И вдруг, все-таки раньше, чем мне бы хотелось, моя расчетливость приказала долго жить — я понеслась по комнате и громко вскрикнула, как в прошлый раз. И снова заплакала.
Калим оделся мгновенно — я опять была в кресле — и вышел, не сказав ни слова. Перед тем как закрыть за собой дверь, обернулся и произнес: „Мне понадобится ключ“.»
«Пожалуйста, не давай», — подумал я и вдруг осознал, что у меня разболелась спина: читал, скрючившись перед экраном в неудобной позе. Меняя положение, даже вскрикнул от боли. Надо же, веду себя, как ребенок в кукольном театре, хоть и понимаю, что все мольбы и заклинания бессмысленны. Рано или поздно ключ он получит. События стремительно развиваются, увлекая меня за собой. До кульминации больше остановок не будет.
Тем временем стемнело. Весь день я потратил на чтение, если не считать беготню по городу, но ощущения, что конец близок, пока не возникало. Квадратик в правой колонке экрана еще не доходил до середины.
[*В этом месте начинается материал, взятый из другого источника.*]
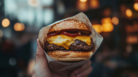 A close-up shot of a delicious cheeseburger topped with ketchup and mustard, held in a hand against a warm, inviting restaurant backdrop. Perfect for food enthusiasts.
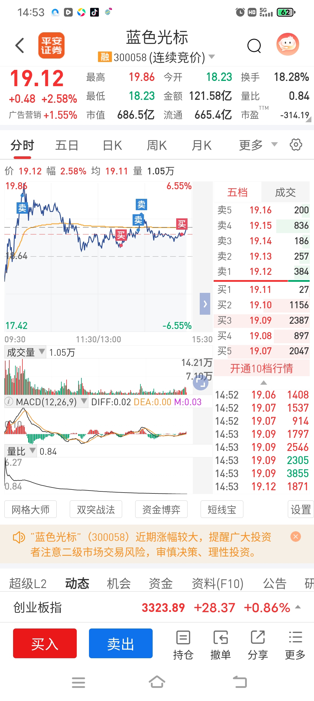 $蓝色光标(SZ300058)$ 还是小心使得万年船!幸亏第二天福石换了光标,从套18%小盈利6%,明天看情况风紧扯呼
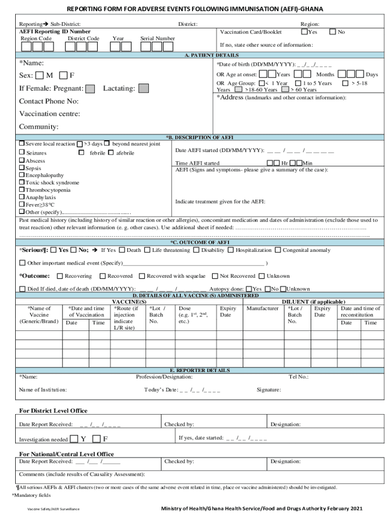 REPORTING FORM FOR ADVERSE EVENTS FOLLOWING Immunization (AEF)GHANA Reporting District: AEF Reporting ID Number Region Code District Redistrict:Region: Vaccination Card/Booklet YearNoSerial Number
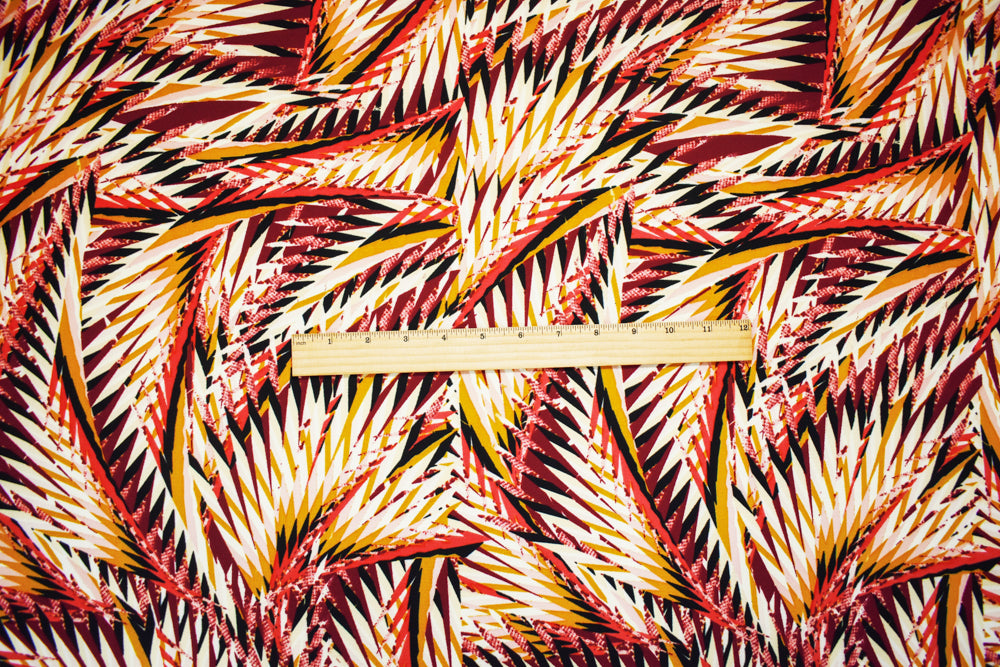 -Red-Beige-Multi Poly Abstract Geometric Printed Pebble Crepe Woven Fabric

Я подавил желание подойти к окну, посмотреть на Джун или что-нибудь ей написать. Впервые за несколько недель вернулось ощущение, что с пальцами что-то не так: бледные, бесчувственные, словно ватные. Продолжив чтение, я принялся их разминать.
«В последующие дни, приходя к отцу, я не видела Калима, будто он знал: у меня все равно ничего с собой нет. Ключ я твердо решила ему не давать.
Как безумная я бросилась посещать театры, кино, концерты, больше, чем обычно, пила, потому что стала плохо спать. Просыпалась ровно в три и в половине пятого. Каждую ночь. В течение полумесяца.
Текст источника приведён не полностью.